Alternative treament with quinine (3 × 10 mg/kg bw for 7 days) was offered to subjects having recurrent parasitaemia. Plasmodium vivax infected patients were also treated with primaquine (0.25 mg/kg per day × 14 d) at the end of follow up period or together with quinine when they failed. Outcome of or compliance to alternative therapies was not monitored.

Chloroquine levels

Chloroquine measurements were done with the assistance of the U.S. Naval Medical Research Unit #2 in Jakarta, Indonesia using their high performance liquid chromatorgraphy (HPLC) instruments [22]. Whole blood total chloroquine levels consisted of the sum of CQ and DCQ, and was quantified on Day-0 (before treatment), Day-3, Day-28 or on the day of recurrent parasitaemia.

Statistical analyses

Data were double-entered into an ExcellTM database, corrected, locked and entered into an SPSS version 16.0 for uni- and bi-variate analysis applying p ≤ 0.05 as the limit of statistical significance. The cumulative risk of treatment failure was estimated using the life table method as described elsewhere [8], and 95% confidence intervals were calculated with Stata software

Results

Screening patients

3,154 patients came to the health center between June and September 2002, and 676 (21%) were screened for malaria by microscopic examination of Giemsa-stained blood films, of which 392 (58%) were found to be parasitaemic. These were P. falciparum (53% = 207/392), P. vivax (43% = 168/392) and mixed infection of P. falciparum and P. vivax (4% = 17/392). Confirmed malaria thus accounted for approximately 10% of patients seeking medical attention at this health center.
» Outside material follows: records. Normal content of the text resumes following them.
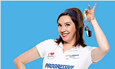
Drivers who switch to Progressive save an average of $668 Progressive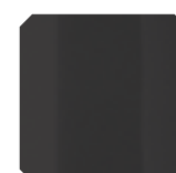
360 VTR LC Antracite Anthracite Antracita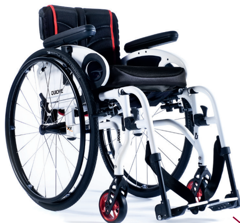
XENON² SA THE ALLROUNDER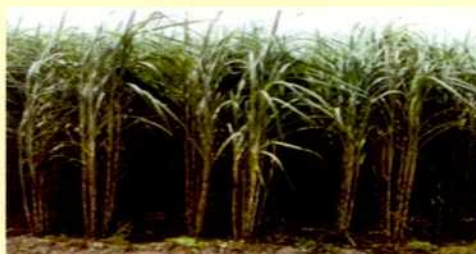
Sugarcane: Gujarat Sugarcane-5 (GS-5)

Besides that, 44 and 15 recommendations were made for the farmers and scientific communities respectively. Total 112 new technical programmes were also put up by the scientists.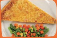
Bubble salmon and crinkle cut wedges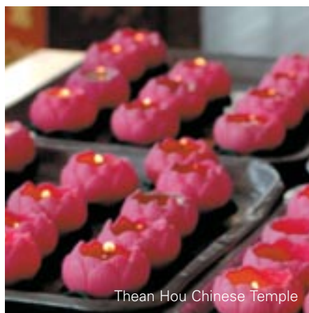
Thean Hou Chinese Temple

you visit the linking bridge on the 41st floor. Tickets are free, but queue between 8.30am and 11am to secure entry for views across the city and beyond.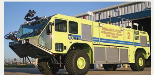
Open house visitors can be among the first to check out the BRAND NEW Oshkosh Striker 1500 fire truck!

For more information about the Toys for Tots program, or to see if your family qualifies, call the Holiday Hotline at (616) 459-2625.

Only 82 (39%) of 207 P. falciparum-infected patients fullfilled the inclusion criteria. 123 had parasite counts of less than 1,000/μL blood, one had a positive pregnancy test and another declined informed consent. 42 of the eligible subject were randomized to this study and received chloroquine therapy. The remaining 40 were randomized to another protocol with sulphadoxine-pyrimethamine, and will be reported separately. Among the patients with P. vivax, only 31 of 137 (23%) had >1,000 asexual forms/μL, and all of these were enrolled in the current study.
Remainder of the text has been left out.